===== Dataset excerpt

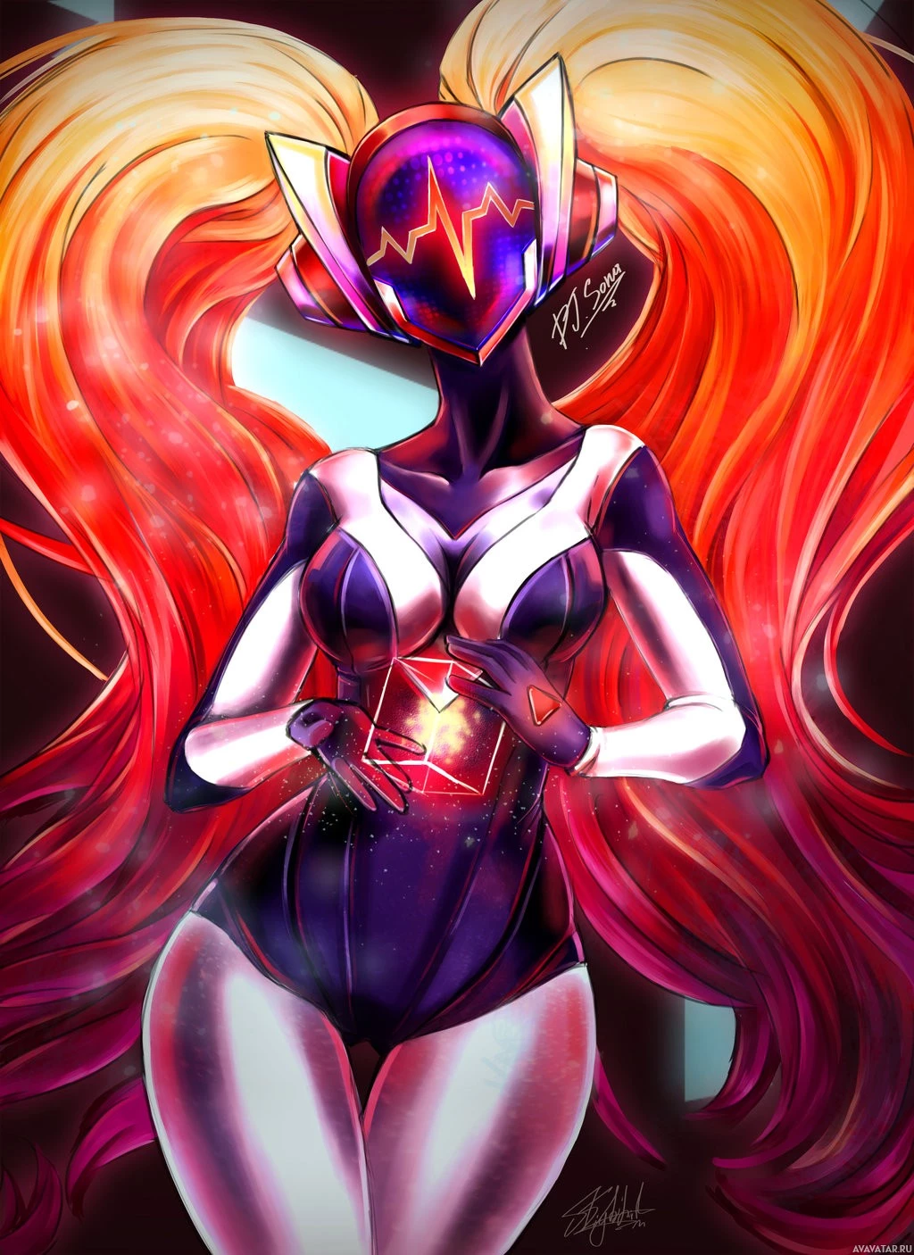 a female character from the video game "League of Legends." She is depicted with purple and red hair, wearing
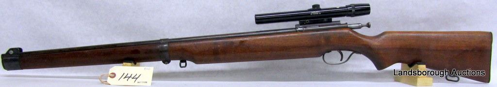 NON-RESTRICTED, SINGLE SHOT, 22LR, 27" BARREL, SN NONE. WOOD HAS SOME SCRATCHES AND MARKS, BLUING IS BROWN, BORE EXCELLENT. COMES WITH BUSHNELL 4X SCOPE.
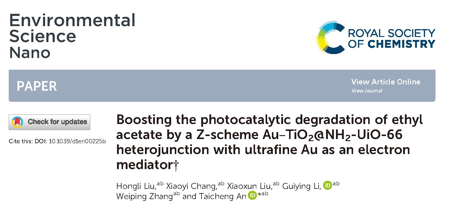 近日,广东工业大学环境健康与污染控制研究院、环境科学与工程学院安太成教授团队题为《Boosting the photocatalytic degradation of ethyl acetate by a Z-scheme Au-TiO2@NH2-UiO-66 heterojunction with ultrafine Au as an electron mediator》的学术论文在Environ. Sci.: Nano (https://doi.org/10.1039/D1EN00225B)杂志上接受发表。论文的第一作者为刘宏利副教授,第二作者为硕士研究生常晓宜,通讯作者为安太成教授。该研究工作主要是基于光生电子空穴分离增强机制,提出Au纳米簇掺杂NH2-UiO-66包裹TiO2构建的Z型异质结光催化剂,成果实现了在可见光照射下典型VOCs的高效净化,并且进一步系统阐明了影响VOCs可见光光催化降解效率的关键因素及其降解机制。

==========

**Task:** Your copy should match the material above exactly, minus its pictures.

**Task result:**
 a female character from the video game "League of Legends." She is depicted with purple and red hair, wearing
 NON-RESTRICTED, SINGLE SHOT, 22LR, 27" BARREL, SN NONE. WOOD HAS SOME SCRATCHES AND MARKS, BLUING IS BROWN, BORE EXCELLENT. COMES WITH BUSHNELL 4X SCOPE.
 近日,广东工业大学环境健康与污染控制研究院、环境科学与工程学院安太成教授团队题为《Boosting the photocatalytic degradation of ethyl acetate by a Z-scheme Au-TiO2@NH2-UiO-66 heterojunction with ultrafine Au as an electron mediator》的学术论文在Environ. Sci.: Nano (https://doi.org/10.1039/D1EN00225B)杂志上接受发表。论文的第一作者为刘宏利副教授,第二作者为硕士研究生常晓宜,通讯作者为安太成教授。该研究工作主要是基于光生电子空穴分离增强机制,提出Au纳米簇掺杂NH2-UiO-66包裹TiO2构建的Z型异质结光催化剂,成果实现了在可见光照射下典型VOCs的高效净化,并且进一步系统阐明了影响VOCs可见光光催化降解效率的关键因素及其降解机制。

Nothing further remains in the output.